Señor, somos conscientes de que no viniste al mundo para condenarnos, pero muchas veces el miedo nos hace encerrarnos en nosotros mismos, ven e iluminamos porque necesitamos no desesperar y poder dar testimonio de que estás vivo, enséñanos qué es aquello que nos estás pidiendo en estos momentos y concédenos poder responder confiados en tu protección firme y constante.

(P. JLSS)

MARTES – SEMANA IV DE PASCUA


(Hch 11, 19-26 / Sal 86 / Jn 10, 22-30)

“Mis ovejas escuchan mi voz; yo las conozco y ellas me siguen…” Contemplar a Jesucristo como nuestro Pastor implica el reconocimiento de que él «nos conoce», sabe cuando estamos asustados, tenemos miedo, nos sentimos impotentes, estamos alegres, cansados, agobiados por algo… que siempre está al pendiente de nosotros.

¿Cómo te encuentras en estos momentos? ¿Le presentas tus necesidades al Señor o te se las escondes con justificaciones teóricas? Él está vivo y presente en medio de nosotros, él mismo lo dijo: “Yo les doy la vida eterna y no perecerán jamás; nadie las arrebatará de mi mano.” Aferrémonos a él, él es quien nos dará la paz y tranquilidad que todos necesitamos en estos momentos.

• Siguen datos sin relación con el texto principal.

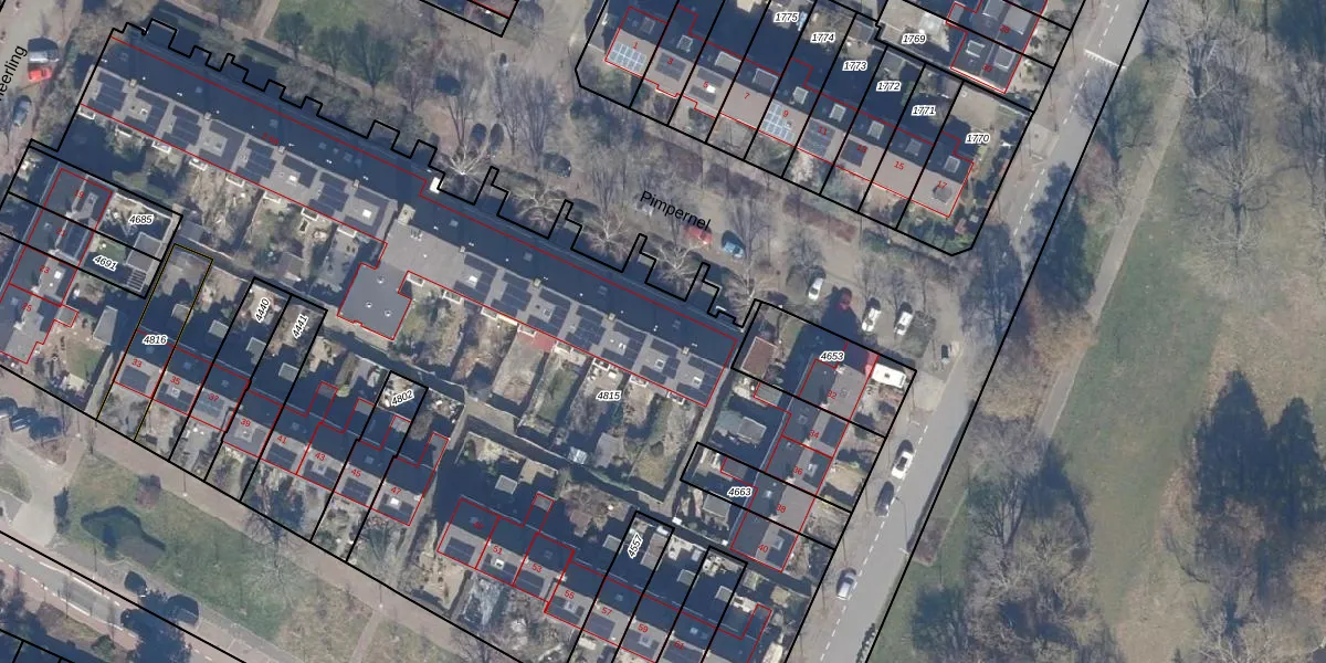 Het perceel waarop Pimpernel 30 staat heeft een oppervlakte van 6137 m². Dit is een zeer groot perceel. De perceeloppervlakte wordt geregistreerd door het Kadaster. Gedetailleerde informatie over de maten van dit perceel kunt u vinden in het rapport Kadastrale kaart met maatvoering van Pimpernel 30.

La comunidad de Antioquía daba testimonio de que tenían puesta su seguridad en Cristo, a tal grado que “allí, en Antioquía, fue donde por primera vez los discípulos recibieron el nombre de «cristianos»”, la fe que profesaban se les notaba en el modo de vivir. Por ello cuando llega Bernabé, “viendo la acción de la gracia de Dios, se alegró mucho; y como era hombre bueno, lleno del Espíritu Santo y de fe, exhortó a todos a que, firmes en su propósito, permanecieran fieles al Señor.”

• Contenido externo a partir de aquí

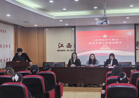 万婧怡向新发展团员表示热烈祝贺,并对新发展团员提出希望和要求:一是要立大志,做信念坚定的“追光者”。二是要明大德,做崇德向善的“排头兵”。三是要成大才,做勤学笃行的“实干家”。新团员们身负“信敏廉毅”的校训精神,更肩负着经济学人经世济民的使命担当,她勉励大家坚定理想信念、锤炼品德修为、勤奋学习知识、积极投身实践,在实现中华民族伟大复兴的征程中贡献青春力量。

Debemos pedirle al Señor que aumente nuestra fe en su presencia en medio de nosotros, no podemos permitir que el miedo nos haga dudar y tener una actitud similar a la de los judíos del Evangelio: “¿Hasta cuándo nos vas a tener en suspenso? Si tú eres el Mesías, dínoslo claramente…” cerremos nuestros ojos y digámosle al Señor: “Aquí estoy Señor, sé que estás conmigo, pero necesito que disipes toda mi ansiedad y la incomprensión que estoy viviendo en estos momentos, sé que estás conmigo y me conoces, por eso me abandono a tu acción, lléname con tu Espíritu para tener la tranquilidad que sólo tú me puedes dar. Amén.”